Defining ‘spouse’

Photo illustration by Hannah Fowl/The News Spouses of people who work at the University can get a Wellness Center membership at a discounted rate. This doesn’t currently include same-sex couples.
Photo illustration by Hannah Fowl/The News Spouses of people who work at the University can get a Wellness Center membership at a discounted rate. This doesn’t currently include same-sex couples.

Photo illustration by Hannah Fowl/The News
Spouses of people who work at the University can get a Wellness Center membership at a discounted rate. This doesn’t currently include same-sex couples.

 

 

Citing discriminatory wording in the Wellness Center’s membership eligibility policy, the LGBT Programming Advisory Committee filed a letter with the Office of Student Affairs recommending it be revised.

According to the letter of recommendation sent by the president of the LGBT Programming Advisory Committee, Peggy Munke, the Wellness Center’s policy on purchasing memberships does not extend benefits to same-sex partners of University staff and faculty.

It is the use of the word “spouse” in the Wellness Center’s policy which the committee would like to see amended, as this word has a legal definition which does not apply to partners in a same-sex relationship.

As it is currently worded on the Wellness Center’s website, “Spouse of student, faculty, staff and retiree and alumni members can purchase a membership at the same level as the primary member.”
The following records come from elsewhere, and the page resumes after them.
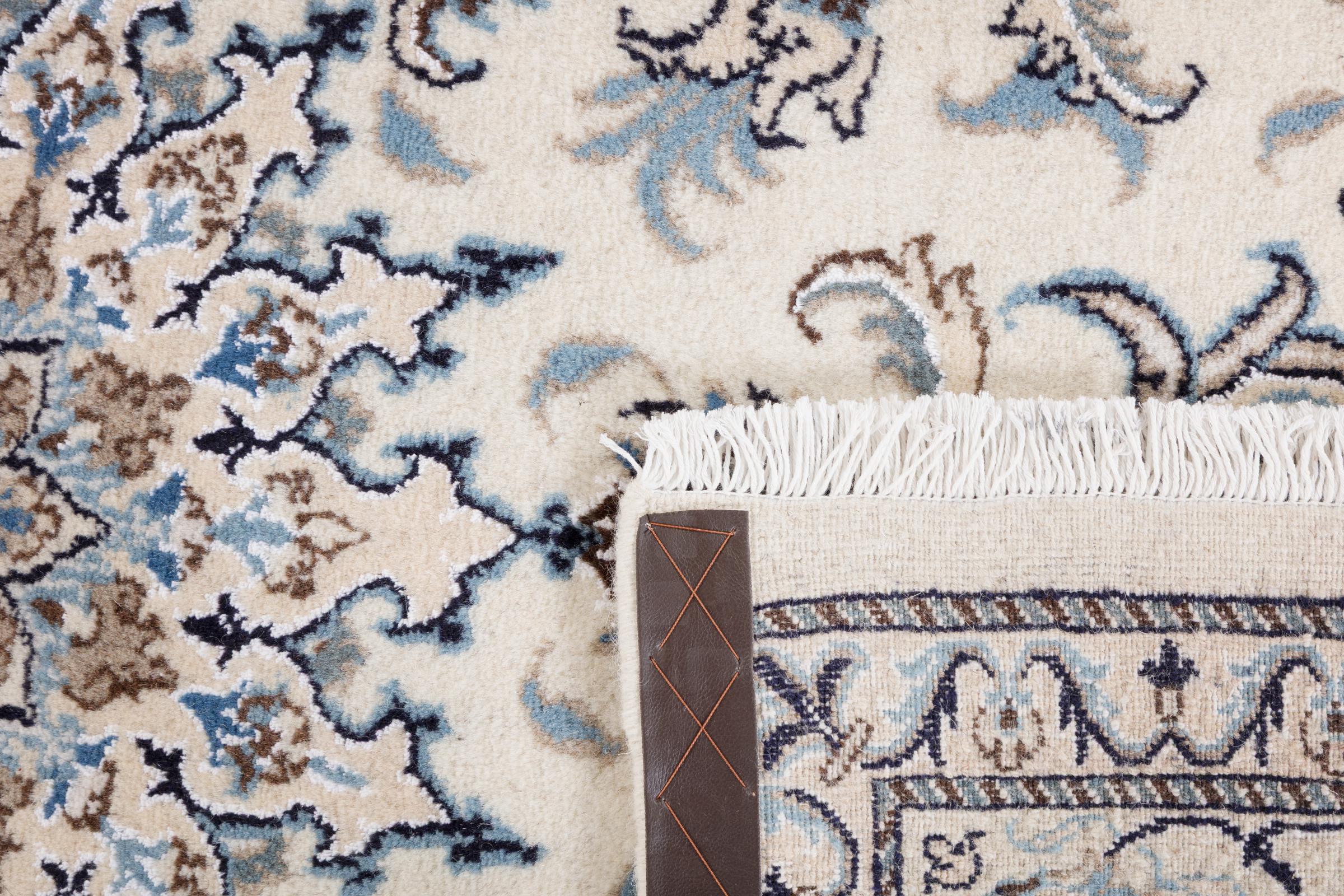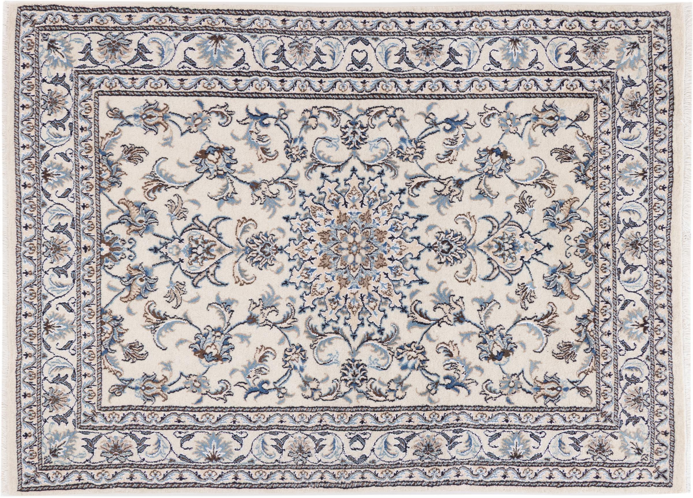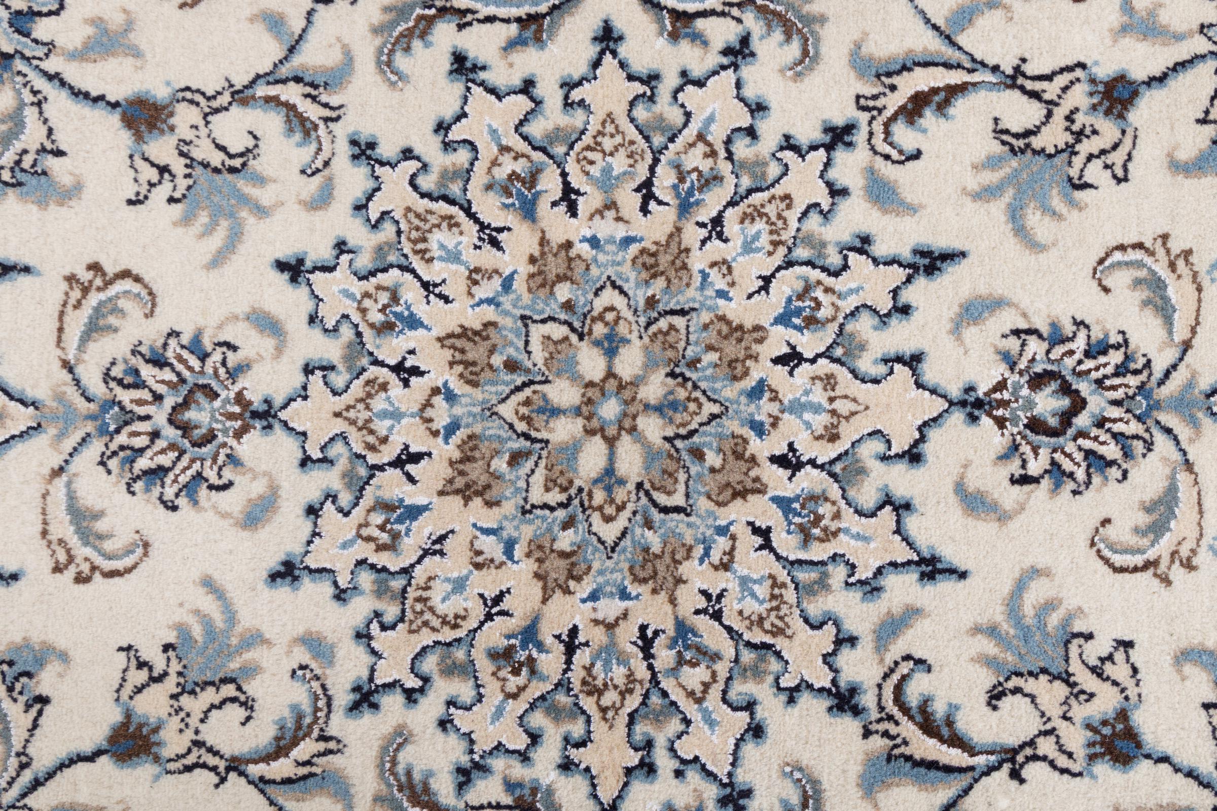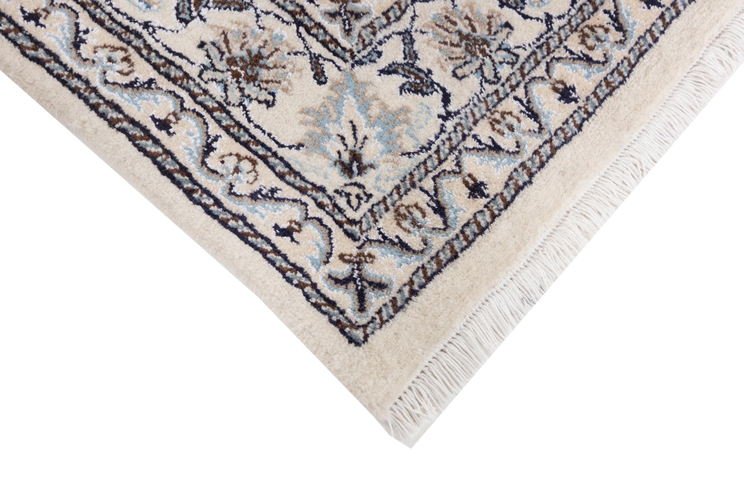 This Nain rug is classified as 12La. Its typical Nain colour scheme gives it an elegant and sophisticated look. This Persian rug was hand-knotted in the city of Nain, which lies on the western edge of the Dasht-e-Kavir desert, using high-quality wool and natural silk. At 12La, it is not as finely detailed with ornamentation as a Nain 9La or 6La.
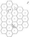 도 3 은 중계기를 일부 포함하는 다수의 (육각형) 셀을 포함하는 네트워크를 나타내는 도면이다.3 is a diagram illustrating a network comprising a plurality of (hexagonal) cells, some of which include repeaters.
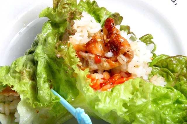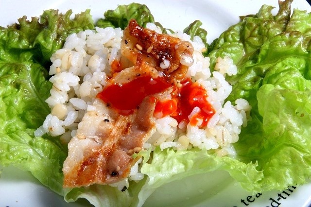 今度はサニーレタスと麦飯、豚カルビ、そして家にあったコチュジャンで、韓国風の野菜巻きスタイルを。
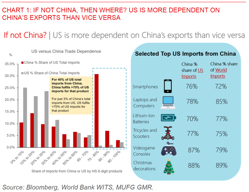 By many respects, the US is much more dependent on China’s exports, than China is on US exports, although there is no doubt a negative impact on both sides from a tariff and trade war.
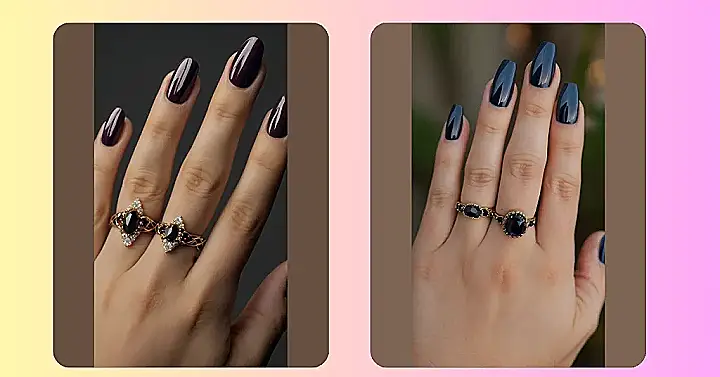 Those dark fall nails are totally rocking! It’s like the perfect combination of mystery and glam. The deep, rich color is giving off major “witchy vibes” while the sparkling ring adds a touch of extra magic. Those nails are like the cherry on top of a spooky-but-stylish outfit, like maybe a long black dress or a denim jacket – just like the one in the picture! Who needs a fancy costume when you have nails this awesome?

This allows spouses to pay the same reduced rate for a semester or summer membership as their partner working at the University.

Munke said this issue was first brought to her and the committee’s attention approximately a year ago, but at the time was not deemed to be a priority.

“There are always a number of issues of which we are aware,” she said. “However, we work to get one issue resolved before we work on another. We work incrementally. There were several other issues that had priority over this one. Those issues have now been resolved so we were ready to confront this issue.”

Along with bringing the issue to the Office of Student Affair’s attention, the committee also sent its Student Government Association representative, Norman Franklin III, to speak with SGA and to gain its support.

This was the first year the SGA representative position was filled on the advisory committee, despite it being available for several years.

Michael Dobbs, president of SGA, said from the discussion following Franklin’s request, he believes the vast majority of the senate had no problem with a change of the policy to include same-sex partners, although no official vote was taken.

Dobbs said he is not entirely sure what the policy is regarding the use of the center by staff and faculty, but that he does not feel anyone has been intentionally excluded.

“It takes pointing things out to make changes and that is what is being done here,” Dobbs said. “I am confident that the individual(s) charged with making changes to the Wellness Center’s policy will do what is in the best interest for everyone.”

Jody Cofer Randall, LGBT Program Coordinator, said as SGA’s response was reported by Franklin, there seemed to be confusion in SGA as to whether the Wellness Center’s policy already allowed for a general “plus one” admittance policy, which same-sex partners of University students and personnel could benefit from.

Cofer Randall said he does not believe the Wellness Center’s policy to be deliberately discriminatory and the over sight may be due to the time at which the policy was made.

“One could say we should have a massive study of all the University benefits as they relate to partners,” he said. “The committee felt this was something which it would be easy to make a case for and when the administration looks at it they’ll see the inequity in the policy.”

The committee sent its letter of recommendation to Student Affairs two weeks ago.

Hannah Fowl/The News A student walks on the treadmill at the Wellness Center.

Hannah Fowl/The News
A student walks on the treadmill at the Wellness Center.

Cofer Randall said the committee has yet to receive any additional feedback on how the problem is being addressed other than an email from Mike Young, associate vice president of Student Affairs, confirming he had received their letter.

Young said there are two possible ways this issue may be addressed.

Either the issue will be brought before the University Benefit Committee who will have to make a ruling, or, depending on what sort of language the University has already adopted regarding other policies, updating the Wellness Center’s policy would only be a matter of time.

“I think the University’s policy as it relates to health insurance and things like that already includes the word ‘partner,’” Young said. “If that is the case then this (change) would be an easy thing to do because we are already on that page allowing partners to purchase insurance for their significant other.”

Young said Murray State’s department of Human Resources is in the process of reviewing several of the University’s positions as they relate to same-sex partners looking for discrepancies in wording, including this new case.

He said he believes the policy’s wording is not intentionally discriminatory and that, to his knowledge, no one has been denied the purchase of a membership for this reason.